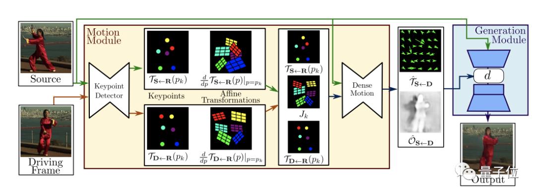 而这两种变换,通过使用以自监督方式学习的关键点来获得。利用局部仿射变换对每个关键点附近的运动进行建模。
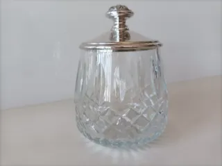Azucarero en cristal alemán tallado con una elegante luminosidad y tapa en plateado con numeración interior número 59. Sin picaduras ni faltas en el cristal. Medidas: alto 15 cm y base 10 cm con gran capacidad interior. Tiene marca de contraste en la tapa. HACEMOS ENVÍOS. No molestar con descuentos. Más artículos interesantes. Limoges, Rosenthal, Wedgwood, La Cartuja de Sevilla Pickman, Villeroy, Murano, WMF, figuras Nadal, Lladró, Nao, Rakoto, Pedro Borja cubismo, lámparas esmaltadas, Fase, flexos.
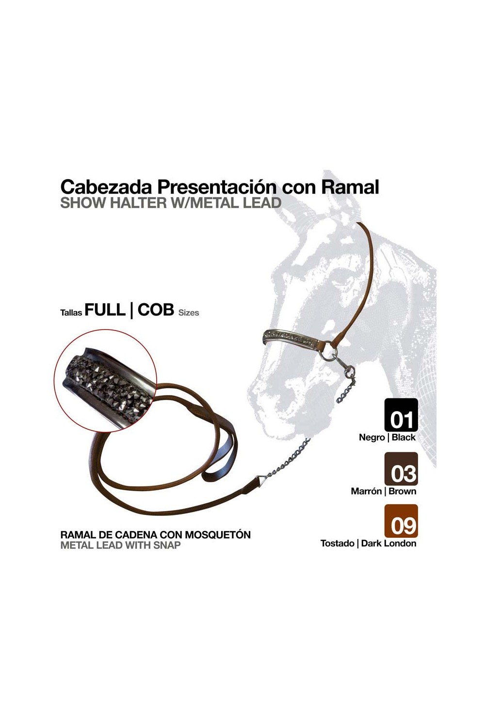 El ramal en total mide aproximadamente 1.95 metros (1.30 m la parte de cuero incluyendo el asa y 65 cm la cadena).
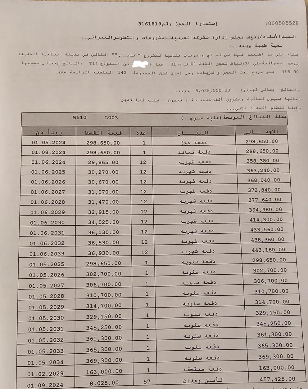 إستمارة شقق نموذج T14 متكرر B14 عرض قوي للبيع في B14 مدينتي 3غرفة, 2 حمام, 109 متر m2 B14 8028550 جنيه
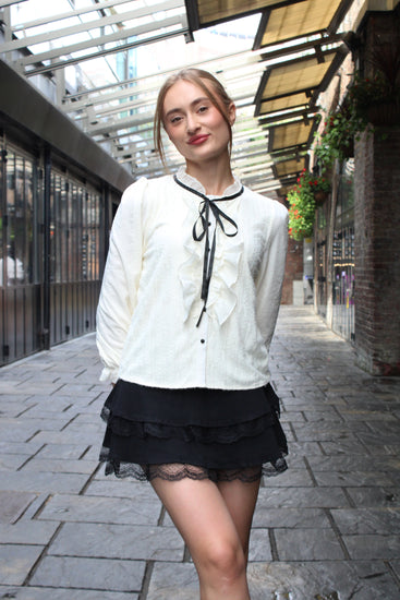 Sweet with a dash of sophistication, the Midnight Ribbon Ruffle Blouse is your ticket to instant charm. Crafted in soft cream fabric with delicate embroidered lace panels, it features fluttery ruffle accents along the button placket, dainty black buttons, and a romantic black ribbon tie at the neck for that perfect contrast. The gently puffed sleeves finish with frilled cuffs, adding a touch of vintage whimsy. Whether paired with a skirt for tea dates or tailored shorts for a chic day out, this blouse will have you looking effortlessly polished. Available in sizes S to XL for a dreamy fit that’s made to flatter. ✨
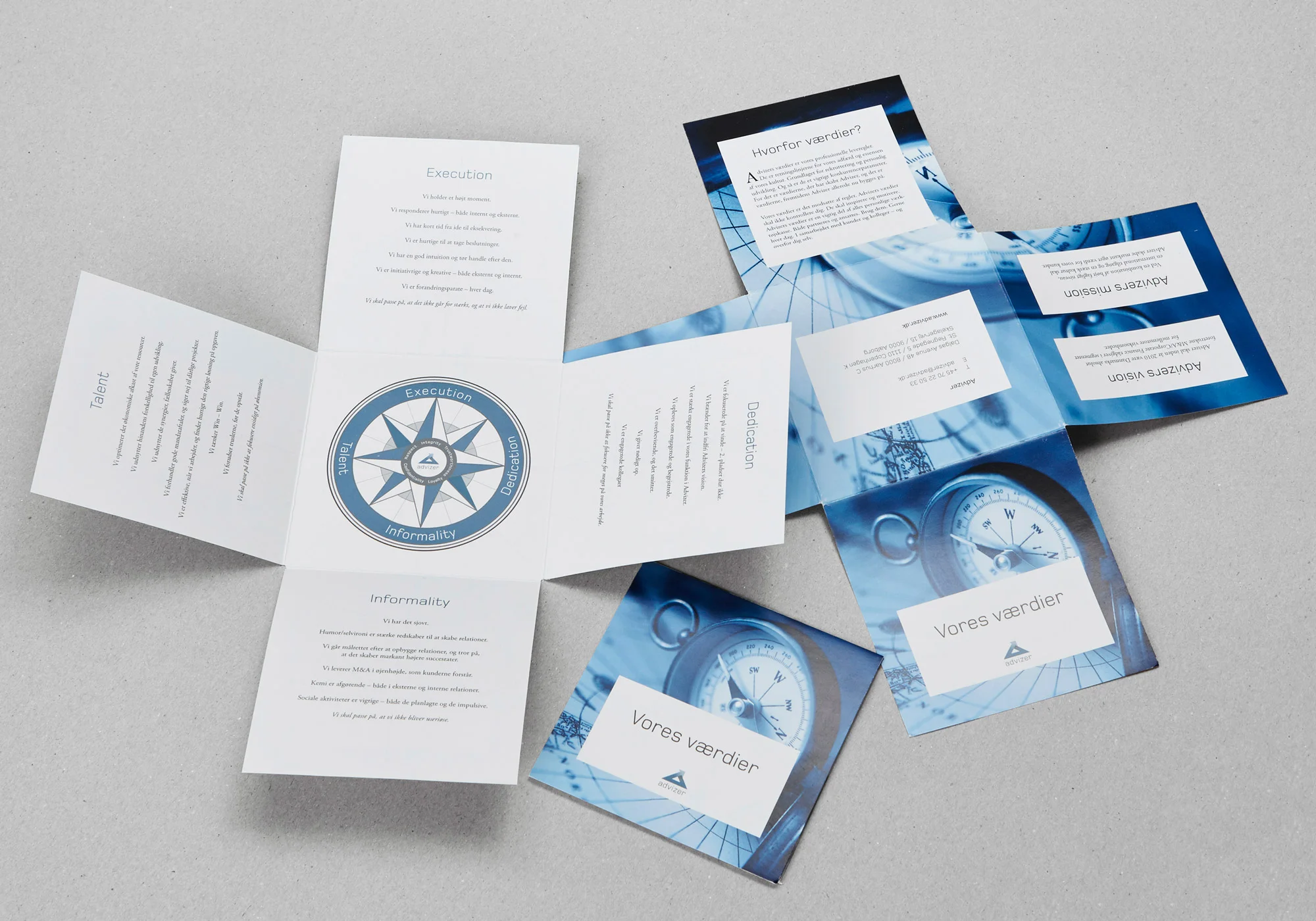 Vi udviklede, designede og skrev en lille værdi-folder, der på en uhøjtidelige og professionel facon forankrer ledelsens langvarige værdi- og strategiarbejde til medarbejderne.
===
> [TO DO]
Each line from the one containing "إستمارة شقق نموذج" through the last line of the data should be written out exactly. Skip the pictures, and add no other lines.

> [EXERCISE SOLUTION]
 إستمارة شقق نموذج T14 متكرر B14 عرض قوي للبيع في B14 مدينتي 3غرفة, 2 حمام, 109 متر m2 B14 8028550 جنيه
 Sweet with a dash of sophistication, the Midnight Ribbon Ruffle Blouse is your ticket to instant charm. Crafted in soft cream fabric with delicate embroidered lace panels, it features fluttery ruffle accents along the button placket, dainty black buttons, and a romantic black ribbon tie at the neck for that perfect contrast. The gently puffed sleeves finish with frilled cuffs, adding a touch of vintage whimsy. Whether paired with a skirt for tea dates or tailored shorts for a chic day out, this blouse will have you looking effortlessly polished. Available in sizes S to XL for a dreamy fit that’s made to flatter. ✨
 Vi udviklede, designede og skrev en lille værdi-folder, der på en uhøjtidelige og professionel facon forankrer ledelsens langvarige værdi- og strategiarbejde til medarbejderne.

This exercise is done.